**Problem details**
For every line in the material below that holds "Vejlerne", report the line.

BEGIN Given data

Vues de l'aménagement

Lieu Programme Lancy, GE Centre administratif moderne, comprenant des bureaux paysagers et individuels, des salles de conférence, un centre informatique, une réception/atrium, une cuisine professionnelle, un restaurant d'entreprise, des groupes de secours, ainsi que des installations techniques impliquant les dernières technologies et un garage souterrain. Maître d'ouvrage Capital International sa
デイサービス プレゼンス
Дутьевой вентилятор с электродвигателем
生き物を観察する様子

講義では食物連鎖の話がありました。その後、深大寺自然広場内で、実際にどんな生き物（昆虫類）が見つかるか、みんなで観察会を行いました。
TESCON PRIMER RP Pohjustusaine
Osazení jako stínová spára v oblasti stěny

END Given data
BEGIN Given data

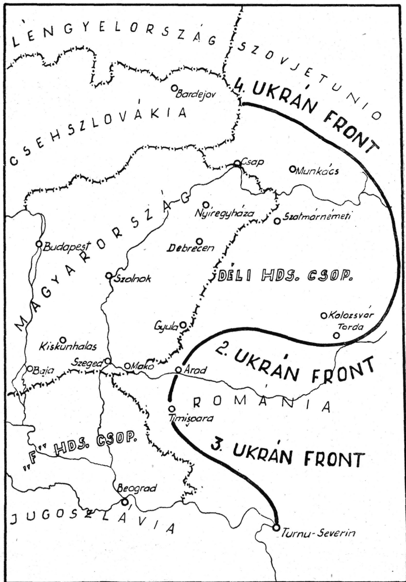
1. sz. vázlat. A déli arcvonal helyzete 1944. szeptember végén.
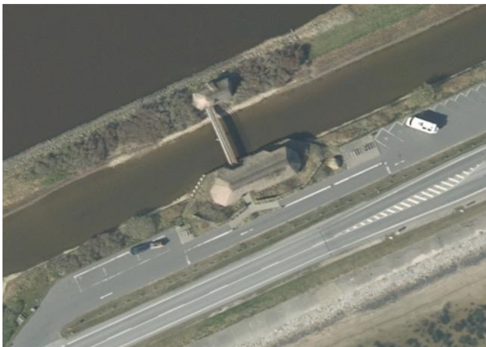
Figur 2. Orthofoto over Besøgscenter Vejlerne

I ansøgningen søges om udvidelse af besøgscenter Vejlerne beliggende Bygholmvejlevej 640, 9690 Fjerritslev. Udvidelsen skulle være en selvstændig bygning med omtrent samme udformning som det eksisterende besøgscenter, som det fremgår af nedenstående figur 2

END Given data

**Reply**
Figur 2. Orthofoto over Besøgscenter Vejlerne
I ansøgningen søges om udvidelse af besøgscenter Vejlerne beliggende Bygholmvejlevej 640, 9690 Fjerritslev. Udvidelsen skulle være en selvstændig bygning med omtrent samme udformning som det eksisterende besøgscenter, som det fremgår af nedenstående figur 2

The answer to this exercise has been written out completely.